239- Keep it to 2-4 questions maximum. Respect the user's time.
240- Offer concrete options, not open-ended prompts.
241- If findings are straightforward (e.g., only 1-2 clear issues), skip questions and go directly to Recommended Actions.
242
243<codex>
244Codex final-question gate: The user-visible response must either include the targeted questions or explicitly say `Questions skipped: <reason>` because the findings were straightforward. Each question must include 2-3 concrete answer options tied to the actual critique findings. Do not end with only open-ended questions.
245</codex>
246
247### Recommended Actions
248
249**After receiving the user's answers**, present a prioritized action summary reflecting the user's priorities and scope from Ask the User.
250
251#### Action Summary
252
253List recommended commands in priority order, based on the user's answers:
254
2551. **`{{command_prefix}}command-name`**: Brief description of what to fix (specific context from critique findings)

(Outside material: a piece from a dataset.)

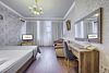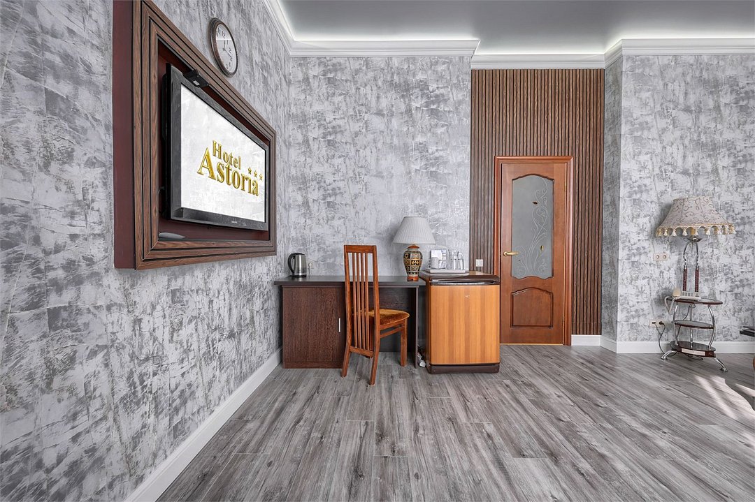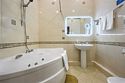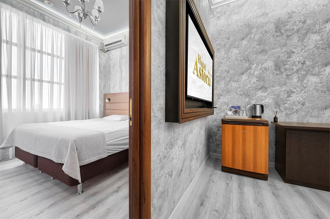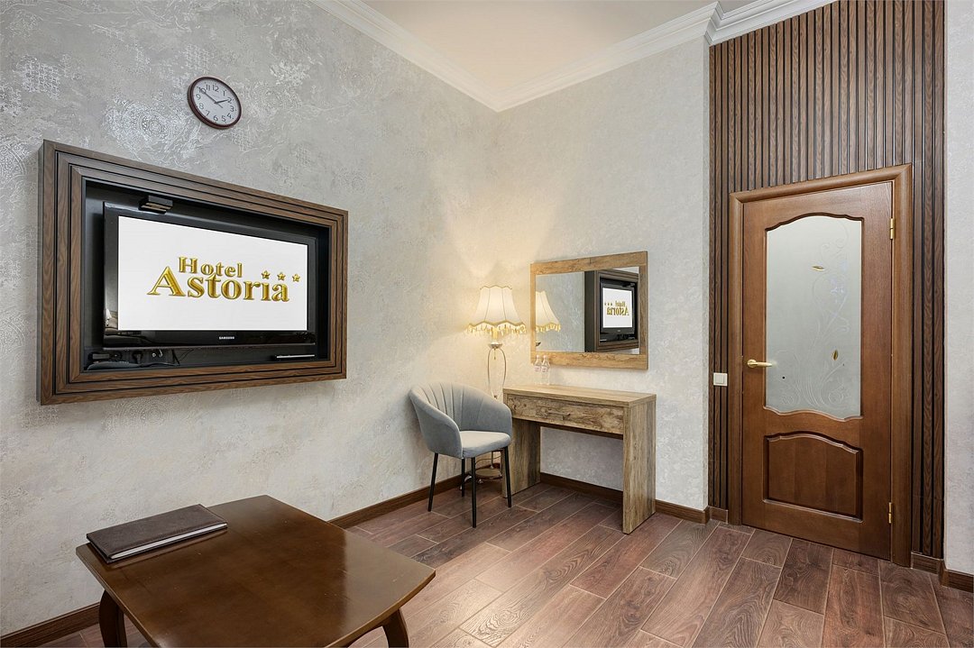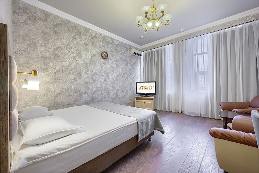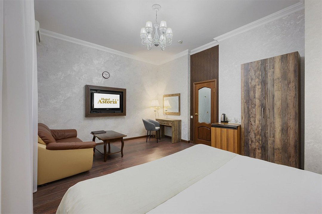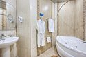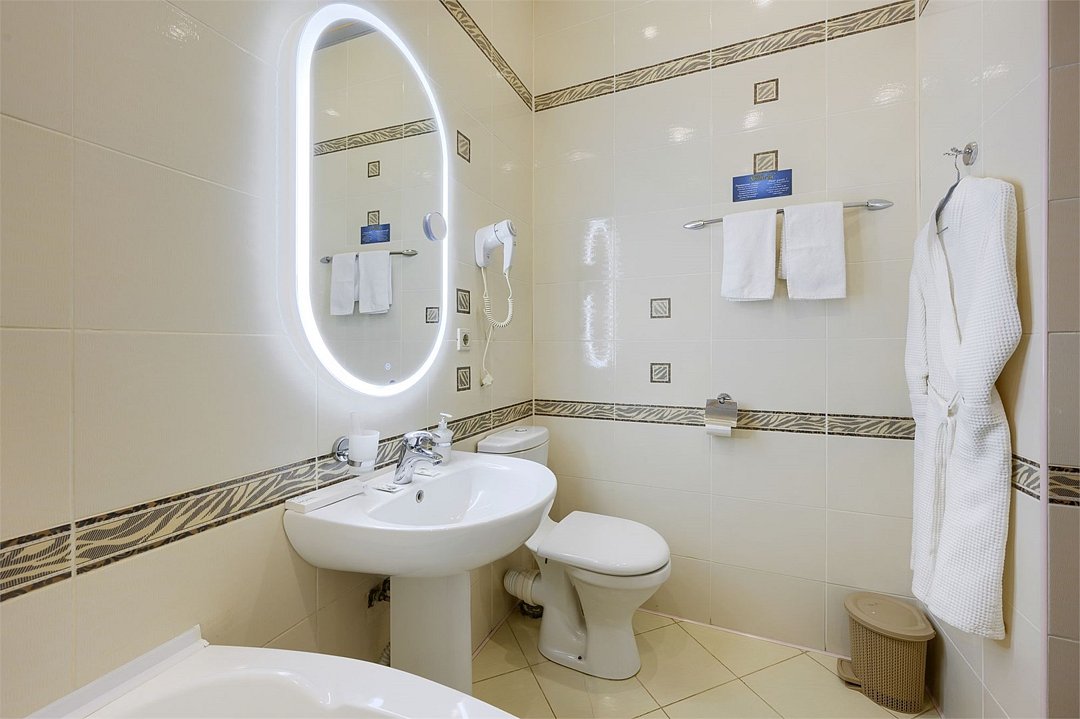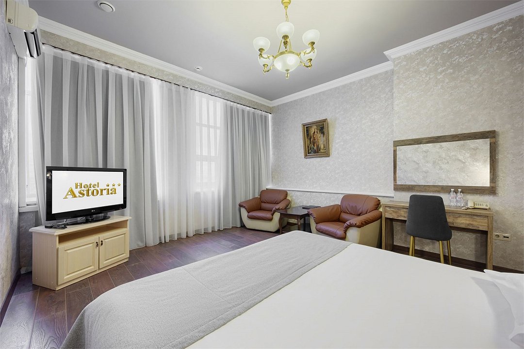 Благоустроенный номер, выполненный в классическом дизайне и мягких, располагающих к отдыху, тонах, подходит для проживания одного-двух человек. В уютной зоне отдыха - два кресла и журнальный столик, широкоформатный телевизор, холодильник. В спальной зоне - удобная двуспальная кровать, туалетный столик с большим зеркалом. Отдельная ванная комната оборудована джакузи, раковиной. Здесь есть все необходимые гигиенические средства. Wi-Fi и климат контроль сделают ваш отдых полноценным и восстанавливающим силы.Услуги и удобства
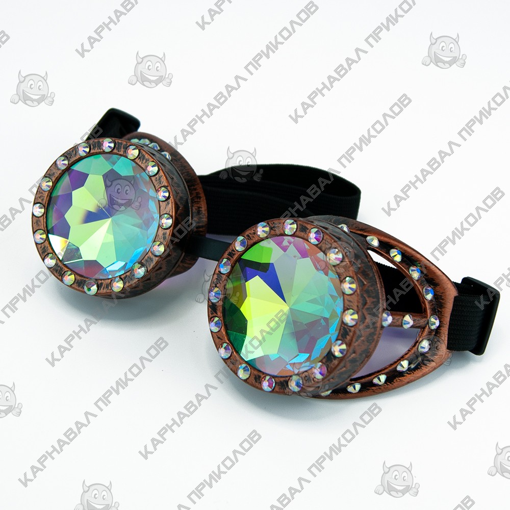 Очки Стимпанк Гогглы Калейдоскоп со стразами заклепками (медь антик) W-XZ04

2562. **`{{command_prefix}}command-name`**: Brief description (specific context)
257...
258
259**Rules for recommendations**:
260- Only recommend commands from: {{available_commands}}
261- Order by the user's stated priorities first, then by impact
262- Each item's description should carry enough context that the command knows what to focus on
263- Map each Priority Issue to the appropriate command
264- Skip commands that would address zero issues
265- If the user chose a limited scope, only include items within that scope
266- If the user marked areas as off-limits, exclude commands that would touch those areas
267- End with `{{command_prefix}}impeccable polish` as the final step if any fixes were recommended
268
269After presenting the summary, tell the user:
270
271> You can ask me to run these one at a time, all at once, or in any order you prefer.
272>
273> Re-run `{{command_prefix}}impeccable critique` after fixes to see your score improve.